--- The data ---

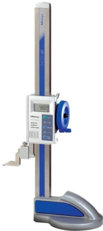
Traçador de Altura (Digital e Analógico)
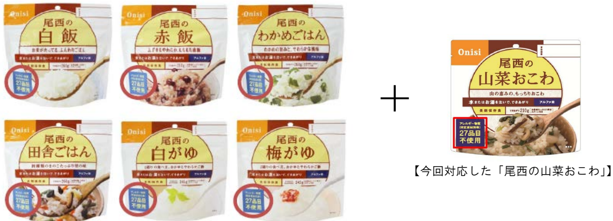
【今回対応した「尾西の山菜おこわ」】
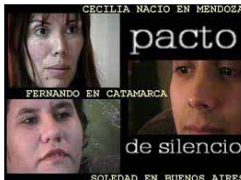
Pacto de Silencio Curtmetratge dirigit per Diego Velazquez Viard Argentina, 2004

Tres històries unides pels mateixos interrogants: a causa de l'adopció il·legal o irregular, l'apropiació de bebès i falses filiacions que van tenir lloc a Argentina, pateixen en no saber res sobre el seu origen, busquen la seva identitat biològica, les seves arrels, la seva prehistòria.
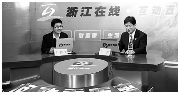
台州中院院长丁铨(右)和网民在线交流

近年来,台州市两级法院深入开展“人民法官为人民”主题实践活动,认真落实“八项司法”,全面推进“社会矛盾化解、社会管理创新、公正廉洁执法”三项重点工作,工作亮点频现,奏响了司法为民的乐章。
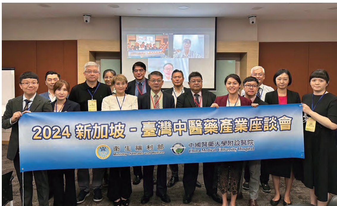
2024 新加坡 - 臺灣中醫藥產業座談會合照
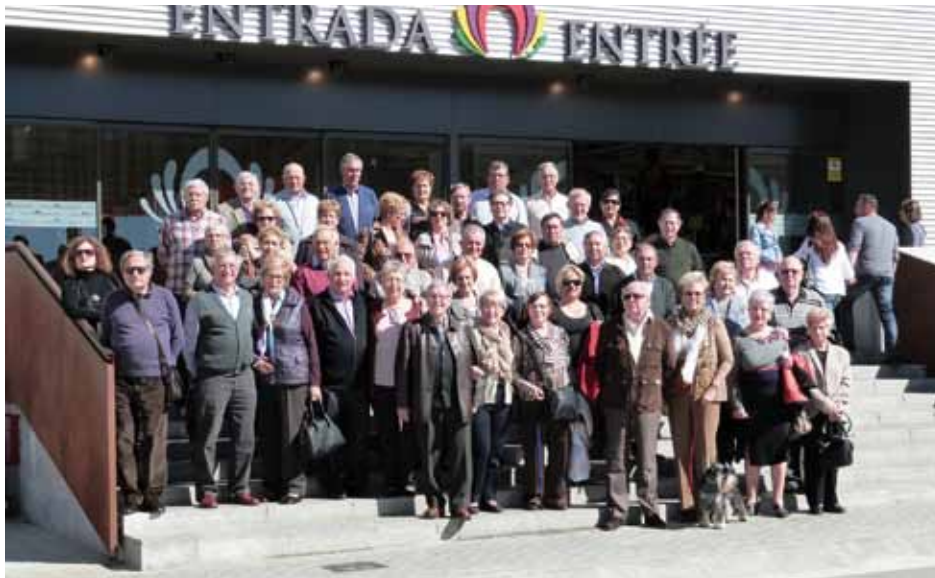
• El diumenge 6 de abril es va celebrar la XXIV Trobada de soldats de la lleva del 1962
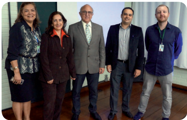
Evento debateu cenário da saúde suplementar

A Comissão Estadual de Honorários Médicos do Rio Grande do Sul (CEHM-RS) se reuniu com representantes das Sociedades de Especialidades, na sede da Associação Médica do Rio Grande do Sul (AMRIGS), para apresentar o cenário atual do sistema de saúde suplementar e organizar as demandas das especialidades médicas.

---

Required action: Copy the lines above that hold the word "cenário".

Solution for this problem:
Evento debateu cenário da saúde suplementar
A Comissão Estadual de Honorários Médicos do Rio Grande do Sul (CEHM-RS) se reuniu com representantes das Sociedades de Especialidades, na sede da Associação Médica do Rio Grande do Sul (AMRIGS), para apresentar o cenário atual do sistema de saúde suplementar e organizar as demandas das especialidades médicas.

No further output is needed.